3007 とはずがたり :2015/08/24(月) 19:46:39
『現代経済学の潮流2015』内「再生可能エネルギーの経済分析:太陽光発電の大量導入と電力需要マネジメント」大橋弘を読む。

これに拠ると2012年度の夏ピークと冬ピークに太陽光発電量を導入して推計した所によると,夏ピークの太陽光導入前の11時・14-15時は2020年シナリオの2786万kW導入でピークは16時ぐらいになり,更に2030年シナリオの6658万kW導入でピークは19時ぐらいになる。ピーク電力は16,000万kW→14,000万kWで約2000万kWの削減となる。

また冬ピークに関しては,太陽光導入前の10時及び18-19時に対して朝はピークにならず一方で夕のピークは1450万kWと殆ど削減効果は無い。

一年を通して考えると冬の18-19時のピークを昼の最盛発電時間帯の余剰電力でピークを14,000万kWに抑えると設備を抑えられる事になる。
この時の設備量が4,000万kW弱(3,976万kW)と計算している。

ただ,増やせば良いというものではなくて削減出来る火力発電(+原発)の費用と,太陽光発電の費用を比較する必要がある。
電力やってる連中は全員電力マネーに汚染された御用学者だろうから仕方が無いけど,固定費用の算出に際して原子力発電のコストを正確に記述していない事を考慮に入れる必要があるが,太陽光発電の限界費用=限界便益が釣り合う導入量は2014年の実際の設備量である1,400万kWと試算している。

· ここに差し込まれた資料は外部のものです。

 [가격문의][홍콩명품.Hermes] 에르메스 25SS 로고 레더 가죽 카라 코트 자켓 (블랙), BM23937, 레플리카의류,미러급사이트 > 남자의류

以下,私見であるが,原発に関しては政府や電力会社に阿った原発有利の数字の誤魔化しをやめて出来るだけリスクを過大に取った数値で行くべきである。原発が停まってるから燃料費が3.4兆円も跳ね上がると言い放ってるけど,原発事故や最終処分場や中間処理施設や地元対策費と云った費用がまったく算入されてないのではないか?誰か概算で良いので原発に批判的ながら兎に角止めようではないスタンスの信頼出来る者が試算してくれないものであろうか?これまで原発や太陽光発電のR&Dに投下された費用に対する効果を習熟曲線に入れることでより原発に厳しい結果を見通せる筈である。

本稿では太陽光発電の習熟効果は極めて低い事が強調されており,市場競争の変化や産業全体のスピルオーバーは価格低下に於ける習熟効果ではないと強調されている(習熟効果以外は突発的な事項で継続して値段が下がると云う要素にはならないということか?)が,価格低下を惹き起こす要素としては別に習熟効果でなくとも良い筈で実際アメリカでは順調にコストが下がっている様で,そういうものを習熟曲線に変わる費用低減曲線として導入すべきではないのか?

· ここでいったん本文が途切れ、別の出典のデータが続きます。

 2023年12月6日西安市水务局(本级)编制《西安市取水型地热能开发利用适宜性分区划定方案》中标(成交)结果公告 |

また冬を中心に荒天時の太陽光発電量不足が風力発電でカバー出来る可能性は十分にあるので,風力発電が対数の法則で十分カバー出来る想定も取り入れるべきである。現在,風力発電個別の不安定性ばかり強調されて風況の良い地域一円で発電施設が整備されたとすると確率的にあり得ない厳しい想定が置かれているように思われる。
風力発電は日本の複雑な地形によって十分に発電出来ていないと云う批判がある。風力発電の導入量と発電量を計算する場合にはそのノウハウの蓄積による稼働率の上昇を加味する必要があろう。

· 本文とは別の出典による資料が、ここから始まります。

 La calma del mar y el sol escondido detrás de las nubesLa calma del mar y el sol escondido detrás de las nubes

いずれにせよ太陽光発電は制度設計上も今後は蓄電池併設が必須になってきており冬場の電力供給量の後ろ倒しによる18-19時のピークの抑制が重要となってくる。
冬の夕方のピークは暖房が大きな要因の一つの筈だが,暖房に電気を使うのは可成り不効率な話しであって本来は都市ガスの役目の筈である。オール電化の歪んだ電力使用ではなく自由化によってガスなどと併せた割安な料金プランでの競争が思慮されるべきであろう。